Remember, this is not rocket science. After reading this post, go into your kitchen and pick a couple of canned food and a water. Place them in a closet, under your bed, where ever you choose. Just find a good spot for it. If you pace yourself while preparing and do a little at a time, you will not be overwhelmed. This post should give you a good start and you will have somethings set aside just in case something does happen.  Congratulations! You are preparing.

 

~Afrovivalist

To Prepare = Peace of Mind

Find Your Peace

 

2 thoughts on “Preparing for a Disaster or Emergency – Food and Water

  1. Liberation Gardener

    This is great. I am so glad you are exploring these issues. Would like to hear more about your garden. I am a firm believer that African Americans should grow more of their own food and become more self sufficient, disaster or not.

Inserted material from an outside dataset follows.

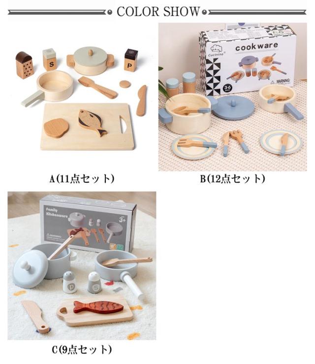 | サイズについての説明 | 【商品仕様】 【A/11点セット】セット内容:鍋(蓋付き)、フライパン、フライ返し、包丁、塩、コショウ入れ、調味料ボトル、お魚、お肉×2、まな板 【B/12点セット】セット内容:鍋(蓋付き)、お皿×2、フライパン、フライ返し、スプーン、ナイフ×2、フォーク×2、塩入れ、コショウ入れ 【C/9点セット】セット内容:お魚、塩、コショウ入れ、包丁、フライ返し、へら、まな板、フライパン、鍋(蓋付き) 【対象年齢】4歳〜 |

Thanks.

    1. AfrovivalistAfrovivalist Post author

      Good Morning, I’m so glad you like the post. I am planning to show video of my existing garden. It is small and overgrown due to the fact that I went a little bit too far on planting. So, I am going to try something new and relocate the plants. Yes, I too, believe that everyone should start a garden because the food that we are offered in the stores are no longer good for us due to GMO’s and other chemicals. My goal is to educate others on preparing and preserving food. In addition to preparing for a future disaster. Please spread the word among your friends and subscribe. I have some interest stuff coming up. If there is anything that you want to see posted, please let me know and I will do my best to post your requests.

      Have a GREAT day, stay productive and be prepared.